• EXERCISE PROMPT:
A full, exact copy of the listing is needed, with images omitted.

(Beginning of SOURCE DATA)

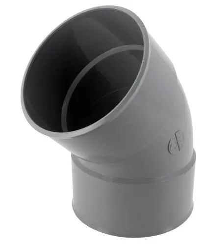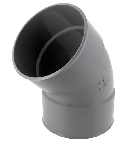 Coude ø 125 mm, femelle-femelle à 45°, à coller, gris, en pvc lisse, permet le changement de direction du réseau, convient aux tubes non pré-manchonnés, marquage nf e et nf me sécurité feu
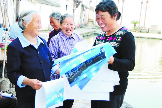 5月25日,建德市大慈岩镇新叶村的每家农户都收到村里统一赠送的“升级版”村规民约。新村规民约增加了保护古村落和保存农耕文化的措施。图为村干部在给村民发送《新叶村村规民约》。
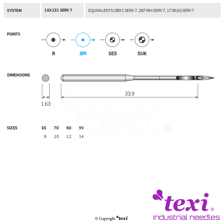 Kod produktu TEXI 16X231 SPI SERV 7 080 Kategoria Igły do maszyn przemysłowych
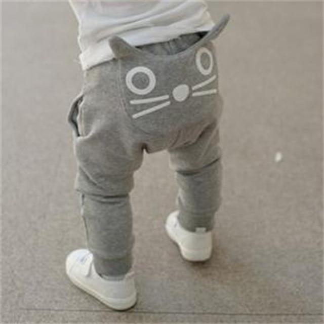 Children's trousers for spring or autumn, featuring a beautiful kitten design.

(End of SOURCE DATA)

• SOLUTION TO THIS EXERCISE:
 Coude ø 125 mm, femelle-femelle à 45°, à coller, gris, en pvc lisse, permet le changement de direction du réseau, convient aux tubes non pré-manchonnés, marquage nf e et nf me sécurité feu
 5月25日,建德市大慈岩镇新叶村的每家农户都收到村里统一赠送的“升级版”村规民约。新村规民约增加了保护古村落和保存农耕文化的措施。图为村干部在给村民发送《新叶村村规民约》。
 Kod produktu TEXI 16X231 SPI SERV 7 080 Kategoria Igły do maszyn przemysłowych
 Children's trousers for spring or autumn, featuring a beautiful kitten design.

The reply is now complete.